If you inspect the QED lagrangian, you'll find that the electromagnetic vector potential must have the units of [1] energy.

According to Peskin and Schroder's QFT text, the expansion of the electromagnetic field operator is

$$A_\mu(x)=\int\frac{d^3p}{(2\pi)^3}\frac{1}{\sqrt{2E_{\mathbf{p}}}}\sum_{r=0}^3\bigg(a_{\mathbf{p}}^r\epsilon_\mu^r(p)e^{-ip\cdot x}+a_{\mathbf{p}}^{r\dagger}\epsilon_\mu^{r*}(p)e^{ip\cdot x}\bigg).$$​

3 factors of energy from $d^3p$, and -1/2 factor from $1/\sqrt{2E_{\mathbf{p}}}$. If the polarization vectors, $\epsilon_\mu^r$, are unitless, then the ladder operators must carry units of 1½.

How are the photon states normalized?

$$\langle0|a_{\mathbf{p}}^ra_{\mathbf{p}}^{r\dagger}|0\rangle=?$$​

 

[Timbuqtu]

I suppose you meant -1½, because 1 = 3 - ½ - 1½. You could 've seen this by looking at the commutation relation: $$\left[a_{\mathbf{p}}^r,a_{\mathbf{p'}}^{r\dagger}\right]=\delta^3(\mathbf{p}-\mathbf{p'})$$. Notice that the Dirac delta has units -3.

Plugging this relation into the vacuum we get: $$\langle0|a_{\mathbf{p}}^ra_{\mathbf{p'}}^{r\dagger} |0\rangle=\delta^3(\mathbf{p}-\mathbf{p'})$$

 

[TriTertButoxy]

Oh!

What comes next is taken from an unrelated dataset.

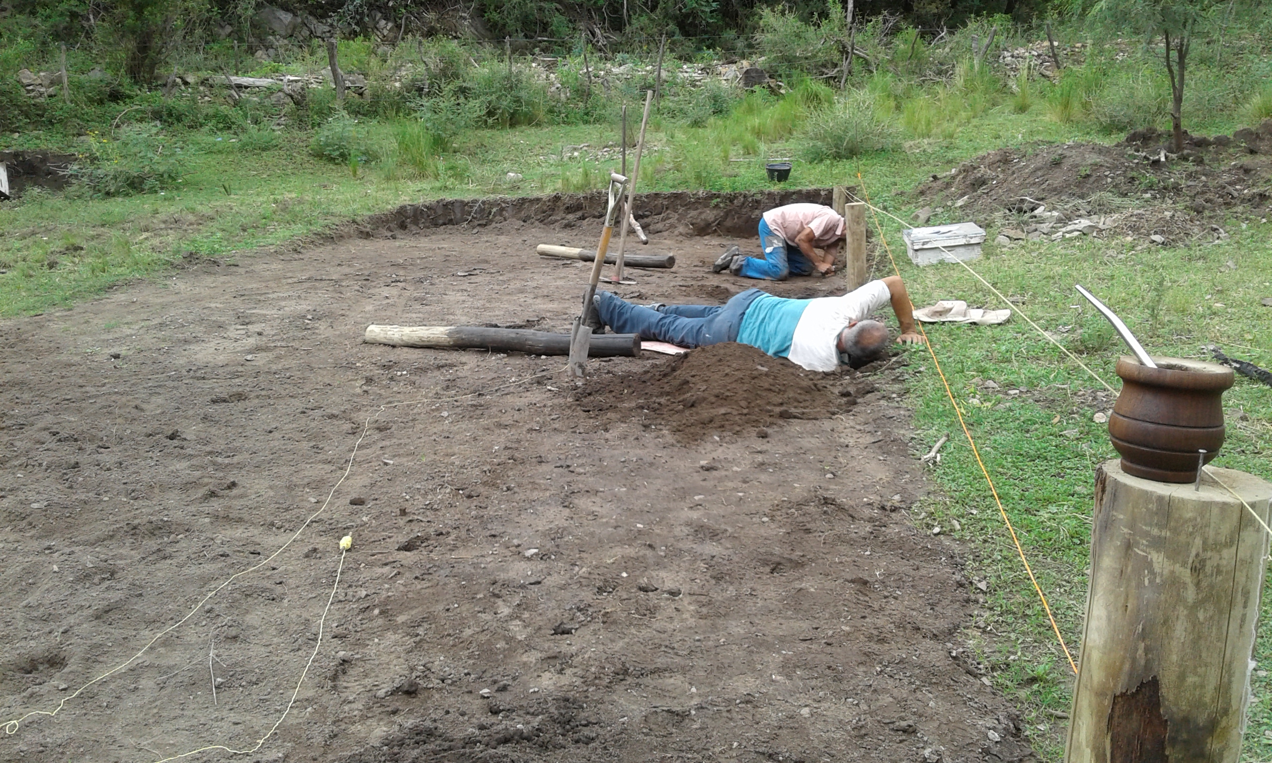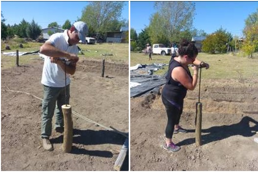3.- Realizamos el hoyado en forma manual de 0,8 m (80 centímetros) de profundidad aproximadamente. Dejando de 0.7 m fuera de la superficie. Es importante que queden al mismo nivel (no altura); para ello lo más aconsejable es la manguera transparente de albañil.

I feel so stupid...

...ok, so if I want to define a state that is a superposition of the vacuum state, and the 1 particle state, how would I do so without running into problems with units? Naively, I would write

$$|\Psi\rangle=|0\rangle+a^{r\dagger}_{\mathbf{p}}|0\rangle$$​

but this would be adding two expressions with different units, so that's not right for sure.

 

[Meir Achuz]

Correction:

The connection between box and Dirac normalization involves
$$\sum_n\rightarrow Vol\int d^3p$$.
The Vol is usually set equal to 1 and its units forgotten about.
Its best just not to worry about units.

 

[TriTertButoxy]

But what if I want to worry about units?

 

[CarlB]

But what if I want to worry about units?

Your question delves deep into the mysteries of the meaning of the vacuum state. I think your worries are very well founded.

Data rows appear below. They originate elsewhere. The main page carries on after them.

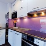 - glass apron goes well with any kind of lighting. You can see this in the catalog of kitchen skins on the manufacturers' websites.
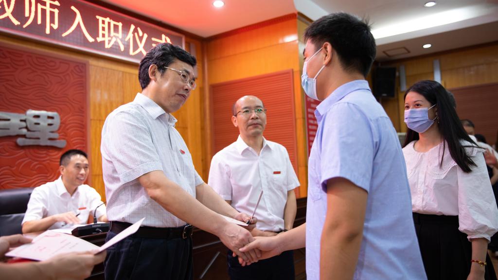 党委书记卢先明希望新教师学习好、领会好、落实好习近平总书记关于教育的重要论述,争做“四有”好老师
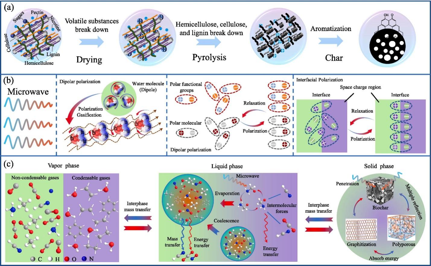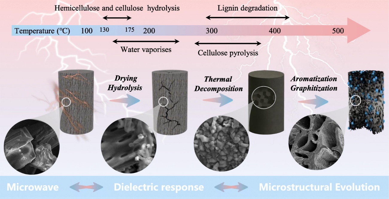 近期,云南师范大学能源与环境科学学院资文华教授团队在国际知名期刊《Chemical Engineering Journal》(IF = 13.2)发表题为“Dielectric response and pyrolysis mechanisms during biomass microwave pyrolysis: Intrinsic coupling among heat/mass transfer, microstructural evolution, and microwave energy conversion”最新研究成果。论文链接:https://doi.org/10.1016/j.cej.2025.171890,云南师范大学为第一完成单位,通讯作者为资文华教授。该成果以烟草废弃烟梗为对象,系统阐释了烟梗微波热解关键参数对生物炭微观结构影响规律,通过2D-FTIR-COS技术阐明生物炭表面官能团响应顺序为: O–H→C=O→C–O–C→C–H→芳香C=C,并利用THz‑TDS光谱和 Debye弛豫模型对产物微波介电参数预测,发现物料初始含水量为 20%时可显著提升微波吸收和加热性能,揭示了生物质微波热解介电响应机制主要依赖偶极极化、离子极化及界面极化的协同响应,这为介电参数表征和生物质微波热解提供了新视角。

If you want to see what Julian Schwinger thought about the vacuum, splurge $20 on your physics education and pick up a copy of "Quantum Kinematics and Dynamics". I should note that this is the only book that has these heretical thoughts of his; a later book that also covers Schwinger's "measurement algebra" has had the discussion of the vacuum removed. It's a classic text, you only need to read the first few chapters, and it is very easy reading. It's considered one of the most elegant introductions to QFT every written.

The book is cheap, go buy it. It's a quite common book. If you're studying QFT at a university I would think that the local bookstore would have it if the library does not. I won't tell you the answer, you'll have to look it up for yourself. Maybe my interpretation of what Schwinger wrote is incorrect. Maybe not.

Schwinger, along with Feynman, got the Nobel prize for figuring out how to cancel infinities, but then became unhappy with the theory and tried to move on to something new. The mainstream was happy to "shut up and calculate", and moved physics forward for the next 50 years. But foundational issues have a way of coming back.

Now I need to tell you that what I am writing here is quite heretical from the point of view of the physics establishment. You are going to be told to shut up and calculate. This is good advice, if you can conquer your curiousity.

Ah, what the heck. Take a good look at a creation operator. Applied to the vacuum state, it creates a particle where there was none before. But this is something that never occurs in nature. Instead, any time something is created, something else is annihilated. So are you entirely certain that it makes sense to split these two events and to talk about creation and annihilation as if they could be thought of as separate, divisible things? I don't.

Carl

 

[masudr]

Carl do you have a problem with ladder operators for the quantum simple harmonic oscillator?

 

[TriTertButoxy]

The ladder operators for the quantum simple harmonic oscillator are unitless.

Those for the theory of quantum fields are not...
...this is the source of all my problems.

Argh!

 

[CarlB]

Carl do you have a problem with ladder operators for the quantum simple harmonic oscillator?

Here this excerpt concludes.